I think Jesse was dealing drugs.
“All right,” Novak says.
That’s it? All right? I stare at Novak. “I broke into their house.”
“I can arrest you, if it would make you feel better.”
“Are you—” I chew the inside of my cheek. “Will you check the phone out? If she was hiding it, there might be something important on there….”
“We’ll check it out.” Novak isn’t looking at the phone, which is now resting on the table. He folds his hands together over the belly of his fisherman’s cable sweater, eyes locked on me. “How are you, Claire?”
It feels so weird, Novak asking me about my feelings, like I’m an actual human being, that I blurt: “What do you mean?”
Novak’s eyebrows lift. “Are you okay?”
Someone who is okay wouldn’t break into their dead best friend’s house. My fingers tighten around the edge of the table. No, I am not okay. I needed there to be a reason for what happened to us and now that I’ve potentially found one, I can’t handle it.
I wipe away a tear with the back of my hand.
Novak grabs a
napkin and extends it to me. When I refuse to take it, he rests it on the table between us. “Claire, you’re not always going to feel this way.”
“Yes, I will, until I know for sure what happened to them.”
Novak blinks. “Can I say something?”
I finally reach for the napkin resting between us. When I’m done dabbing my eyes, Novak says, “I think that even if I had the answers you’re looking for, if I could tell you the who and the what and the why right now, it wouldn’t make you feel a damn bit better.”
I crush the napkin in my fist. “That sounds like bullshit.”

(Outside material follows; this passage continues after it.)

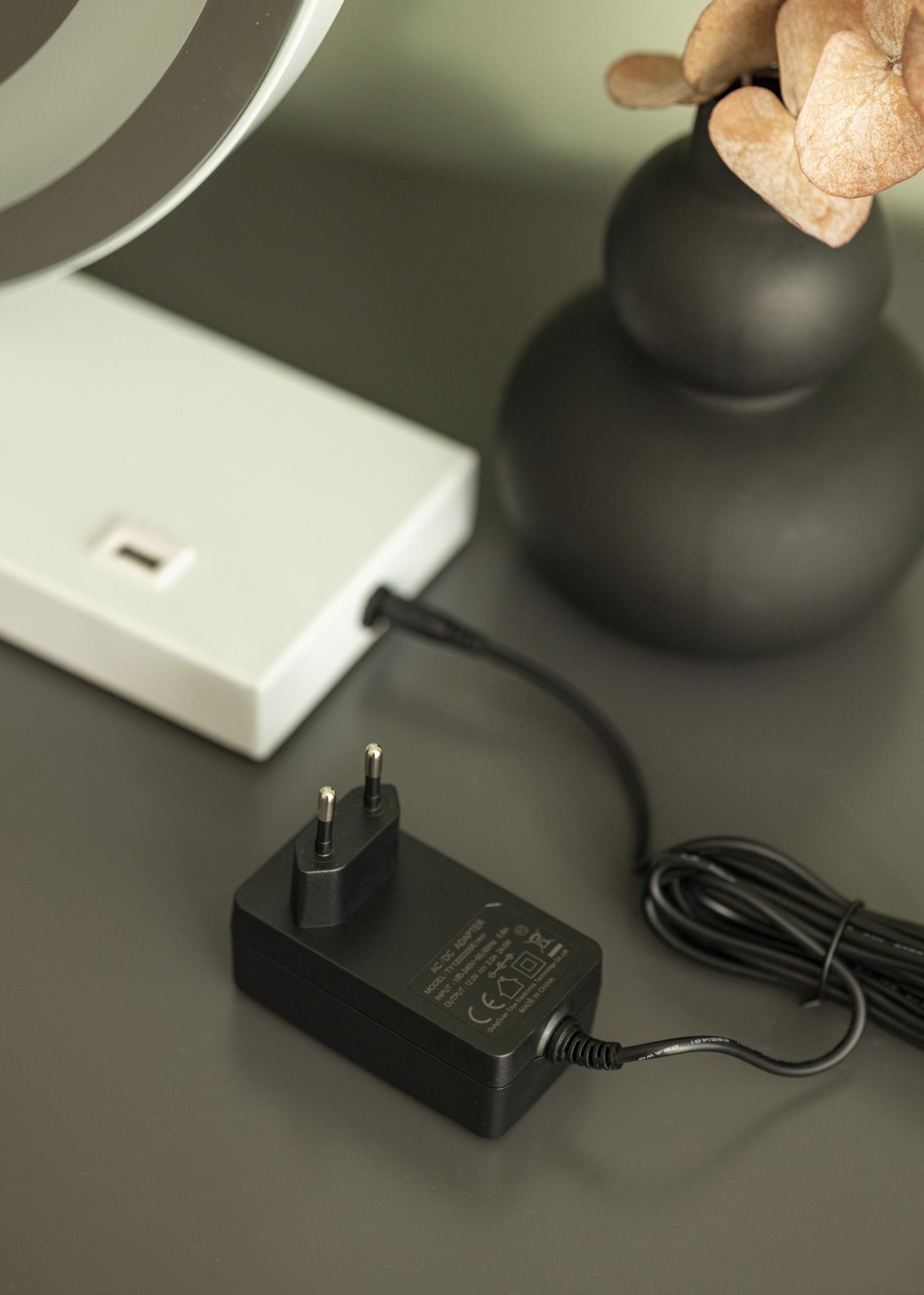 Toto zrkadlo má ďalšiu funkciu – USB port na nabíjanie inteligentných zariadení. Týmto spôsobom môžete nabíjať telefón a mať ho blízko, keď sa líčite. Elektrické pripojenie sa vykonáva pomocou zástrčky.

Novak shrugs, his whole body moving with his shoulders, as if he’s not made up of individual parts. There’s no way he’s not retired army or something. “Maybe it is, I don’t know you. But I do know that I’ve seen people wait years to find out what happened to their loved ones, and when they finally do, the answers aren’t enough. The emptiness is still there. Sometimes it’s even worse.”
“So I should be grateful that I barely remember anything? That you still haven’t found their bodies?”
“I didn’t say that. But it sounds like you’ve convinced yourself that having an answer will bring you peace, when it might do the opposite.”
I return his stare, probing his face for some sort of clue there’s a hidden message in what he’s saying. Of course, Agent Novak knows more than everyone else does. Even in their absence, the FBI has more access to my friends’ lives than I ever did. If there’s a connection between what’s on that phone and what happened on June 23, he must know about it already.
In any case, I’m tired of being a step behind everyone else in knowing what happened to me on that mountain. It ignites something in me. “Please, tell me something that hasn’t been made public. Anything.”
Novak studies me for a beat, a rare expression of pity crossing his face. “Like what?”